KATMANDU, Nepal — A Maoist political party appeared headed for control of Nepal yesterday in a historic first that threatens to embolden another Maoist movement in neighboring India.
Never before have Maoists taken power in a democratic election.
But in Nepal, Maoists yesterday extended their lead as vote-counting continued following nationwide elections Thursday, officials said, and appear poised to control a national assembly that will rewrite the constitution and abolish the 240-year-old monarchy.
Of 601 seats up for grabs in the new Constituent Assembly, 212 have been decided.
The Maoists have won 101 seats and are ahead in 11 other contests as of the latest tally, the election commission said.
The exotic Himalayan kingdom is best known in the U.S. as a destination for backpacking tourists and mountain climbers headed for Mt. Everest.
But for nearly a decade, Nepal was gripped by a Maoist insurgency, in which an estimated 13,000 people died.
In nearby India, the world’s largest democracy and one with growing ties to the U.S., another Maoist movement — known as the Naxalites — is increasing in strength and embraces an area containing roughly a quarter of India”s population.
In eastern India, Maoist rebels fatally shot five policemen and a luggage porter and seriously wounded two others in an attack on a railroad station, police said yesterday.
Members of the Nepalese and Indian Maoist movements formed a strategic alliance during a 2001 meeting in Calcutta.
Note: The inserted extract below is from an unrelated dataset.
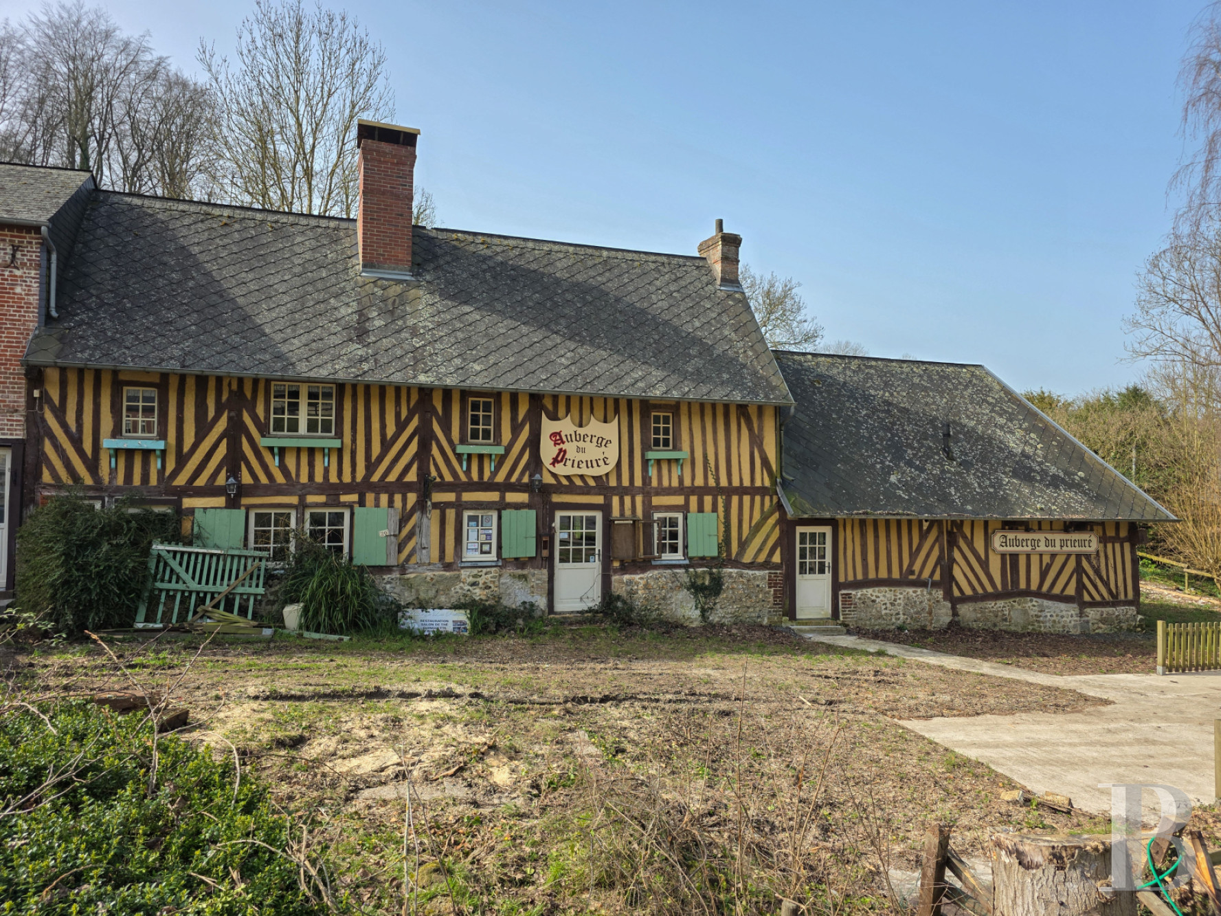 Accolée à une maison du hameau et à rénover, elle occupe un bâtiment composé de deux volumes de tailles différentes, construits à pans de bois sur un soubassement de pierre blanche. Les toitures sont en ardoise mécanique et sont surmontées de deux cheminées. Des menuiseries blanches irrégulières en bois à petits carreaux et des appuis et volets verts animent les façades. Les espaces intérieurs se déploient sous des plafonds à poutres apparentes, avec des murs à pans de bois. La partie basse est formée d'une ancienne cuisine sans équipement et de combles. Le volume le plus haut comprend un étage et des combles.Le jardin

At the time, India’s Home Affairs Ministry confirmed reports of Naxalites offering training and medical care to Nepalese Maoists.
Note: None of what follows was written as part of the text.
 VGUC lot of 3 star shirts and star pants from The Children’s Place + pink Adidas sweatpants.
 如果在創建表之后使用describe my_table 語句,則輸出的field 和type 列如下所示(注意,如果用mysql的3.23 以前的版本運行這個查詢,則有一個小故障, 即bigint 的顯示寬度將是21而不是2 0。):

While the violence continues in India, however, their Nepalese brethren have taken a different path, by signing a peace pact with other political parties in 2006.
Massive pro-democracy protests that year forced Nepal’s King Gyanendra to reinstate parliament, which then quickly moved to diminish his powers.
As of yesterday, the centrist Nepali Congress, the country”s largest party, had won just 30 seats and was leading in races for 11 others, the election commission said.
The center-left Communist Party of Nepal (UML) had won 24 seats and was leading in the count for nine others.
Both had been forecast to fare better than the Maoists.